Nei pochi pazienti che riescono ad eseguire “alla lettera” la dieta per lunghi periodi, si assiste nell’arco di
qualche settimana ad una consistente perdita di peso, altro aspetto visto inizialmente in modo positivo dai
pazienti che si trovano spesso in una condizione di sovrappeso. A questi solo apparentemente effetti positivi
fanno seguito però ben presto tutta una serie di effetti negativi tra cui instabilità emotiva, irritabilità,
depressione (anche per il pessimo aspetto fisico che si acquisisce con il passare dei giorni: colorito pallido,
pelle secca e anelastica, aspetto vecchieggiante), astenia, crollo delle difese immunitarie con possibile
insorgenza di infezioni più o meno gravi.

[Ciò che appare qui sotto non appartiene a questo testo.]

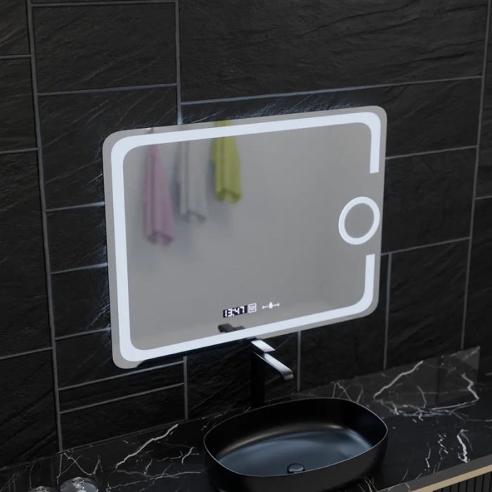 Îmbină eleganța cu funcționalitatea avansată! Oglinda LED 80×60 cm este alegerea ideală pentru un spațiu modern, oferind iluminare inteligentă, funcții premium și un plus de confort în utilizare.
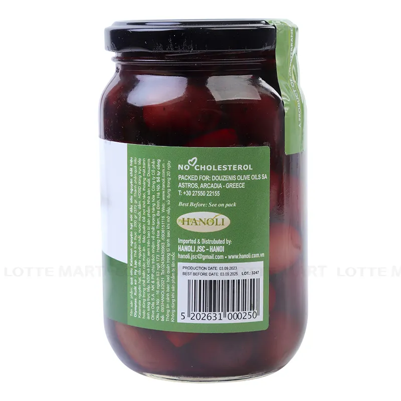 - Quả oliu tím Kalamata (46%), nước, muối, dấm.
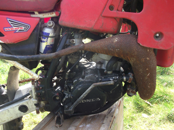 Wow, just…wow. I’m really not sure where to start with this poor little 125. The bike appears to be cobbled together conglomeration of parts from a Honda CR125R and Honda MTX125 dual sport. One would assume the powerful CR125R motor was repurposed for a three-wheeler or some such death trap and the resulting rolling chassis looked like a perfect home for the mild-mannered MTX’s street bike engine. The stock MTX came with a left side pipe, and this does not appear to be the stock CR unit either. It actually appears so be similar to the one-off works pipe Mike Kiedrowski ran on his Factory CR125R in ’89 (Ron Wood actually trimmed the bottom of the stock shroud so it would clear), so maybe they scored that for this beauty. |
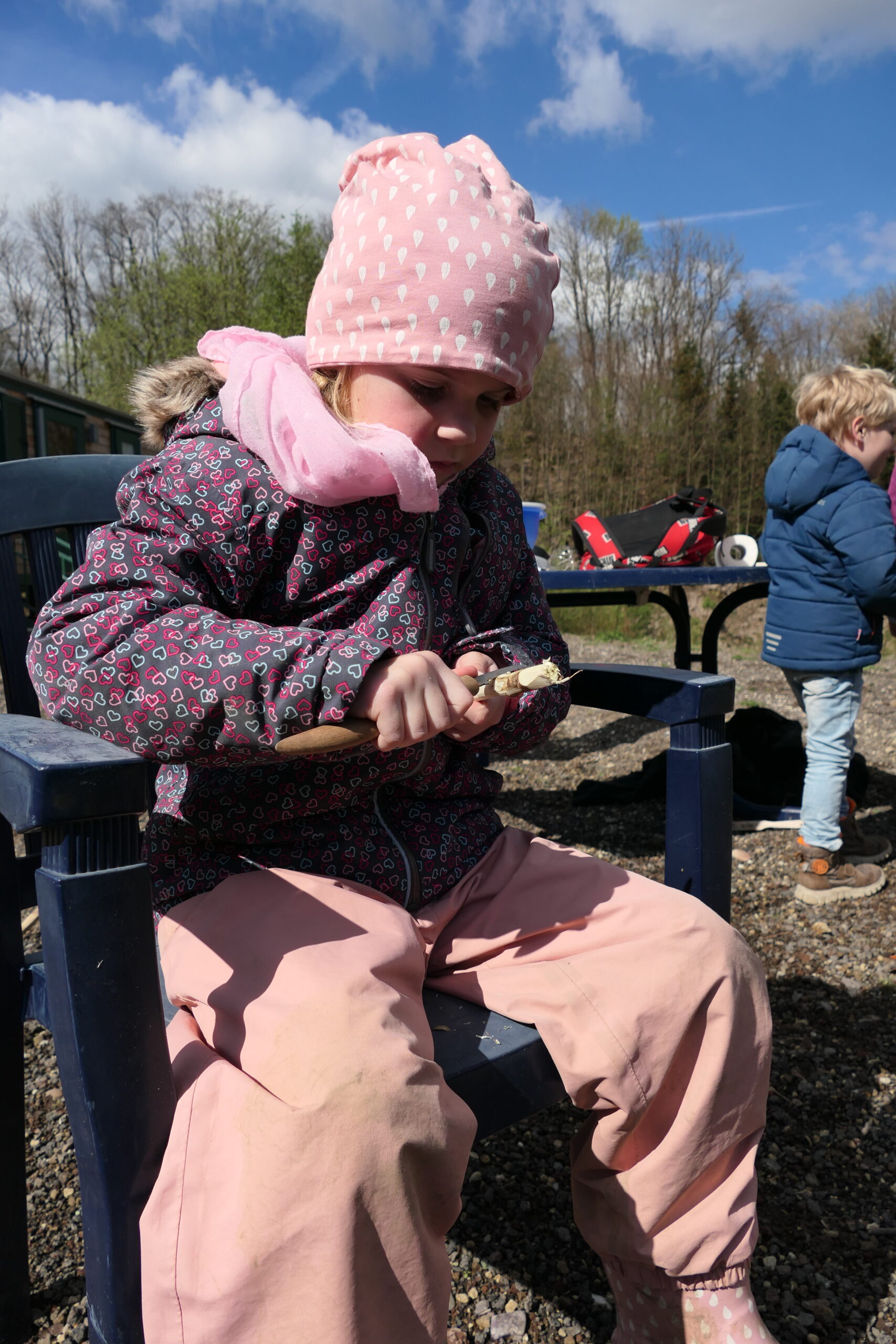 So hat jedes der Kinder eine besondere Vorliebe, warum es gerne in den After-School-Club kommt. Der sechsjährige Jonatan liebt es zu schnitzen und das Lager zu bauen, die ebenfalls sechsjährige Matilda sagt: „Ich finde es toll, in den Wald zu gehen. Das ist viel spannender als mit Mama und Papa!“
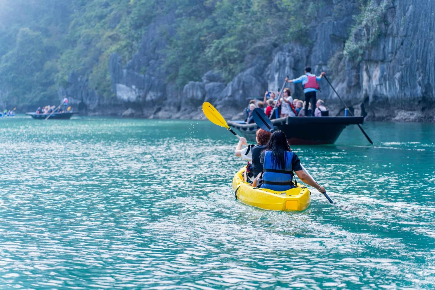 10:00 - 10:15: BEGRÜSSUNG DER GÄSTE IM HALONG-KREUZFAHRTHAFEN Das Managementteam der Halong Symphony freut sich, dich am internationalen Kreuzfahrthafen von Ha Long willkommen zu heißen und deine Reise zur Erkundung der Ha Long Bucht zu beginnen. 10:30 UHR: ABFAHRT ZUR HALONG-BUCHT Unsere Kreuzfahrt verlässt den Hafen und du beginnst die Fahrt, um die wunderbare Schönheit der Ha Long Bucht zu erleben. Währenddessen erhältst du eine Einführung in die Halong Symphony, die Sicherheitsbestimmungen und die Route der Kreuzfahrt. 11:45 - 12:45: BESUCH DER ÜBERRASCHUNGSHÖHLE Der Guide nimmt dich mit zu einer der größten und schönsten Höhlen der Ha Long Bucht, der 'Surprise Cave'. Unser Guide präsentiert dir interessante Informationen über die Höhle, die ein unverzichtbarer Bestandteil der Heritage Cruise sind. 12:45 - 13:45 UHR: MITTAGESSEN Nach der Rückkehr zur Kreuzfahrt wird dir ein Mittagsbuffet mit herzhaften asiatischen und europäischen Gerichten im Restaurant auf der Kreuzfahrt serviert (bei weniger als 30 Gästen wird ein Menü serviert). 13:45 - 14:30: LUON CAVE (gegen Aufpreis) Nach dem Mittagessen setzen wir unsere Reise mit einem sehr interessanten Erlebnis fort: Mit dem Sampan, der von Einheimischen gerudert wird, oder mit dem Kajak erkunden wir die Luon-Höhle - ein Ort, der sich in einem friedlichen Tal in der Bucht öffnet. (Bitte informiere unseren Guide an Bord, wenn du diese Erfahrung machen möchtest) 14:45 - 15:45: BESUCH DER INSEL TITOV Wir erreichen die Titov-Insel, wo du in das smaragdgrüne Wasser der Halong-Bucht eintauchen oder auf den Gipfel des Titov-Bergs klettern kannst, um das herrliche Panorama von Ha Long zu genießen. 15:45 - 17:00 UHR: SONNENUNTERGANGSPARTY Es ist an der Zeit, den Sonnenuntergang in der Halong-Bucht mit einer Teeparty unter der wunderschönen Aussicht auf die Ha Long-Bucht zu genießen oder du kannst die einzigartigen Jacuzzi-Bereiche der Halong Symphony erleben. 17:30 UHR: ENDE DER REISE Unsere Crew bringt dich zurück zum Hafen und verabschiedet die Passagiere mit einem Lächeln des Dankes und hofft, dich wiederzusehen.Includes

Chi invece non riesce ad eliminare tutto dalla dieta, (e cioè la maggior parte delle persone che si rivolgono a
questi centri) entra in uno stato di depressione dovuto sia alla disistima delle proprie capacità che all’idea
della inguaribilità della malattia.
Il solo strumento diagnostico come abbiamo visto è la dieta di esclusione. I cibi sospetti sulla base del
diario dei cibi consumati e dei sintomi sono eliminati per il tempo strettamente necessario a vedere se la
sintomatologia migliora o si risolve. In genere si va dalle due alle sei settimane in relazione alla gravità dei
sintomi. E’ bene in questo periodo sostituire gli alimenti eliminati con altri di pari valore nutrizionale. E’ vero
che l’esecuzione di questa dieta richiede notevole aderenza, dedizione e sacrificio, ed il supporto oltre
all’allergologo del nutrizionista, ma i risultati potrebbero cambiare la vita! E’ bene anche scegliere il periodo
giusto per iniziare evitando le vacanze e le festività. L’eliminazione per settimane o mesi dell’alimento
reattivo può portare alla reintroduzione dell’alimento senza reazioni. Si è indotto così il fenomeno della
tolleranza il cui mantenimento dipende dall’individuazione della “soglia” per frequenza e quantità per quella
determinata persona, cioè in pratica alla determinazione di quanto cibo può essere occasionalmente
tollerato prima di ricadere nella sintomatologia.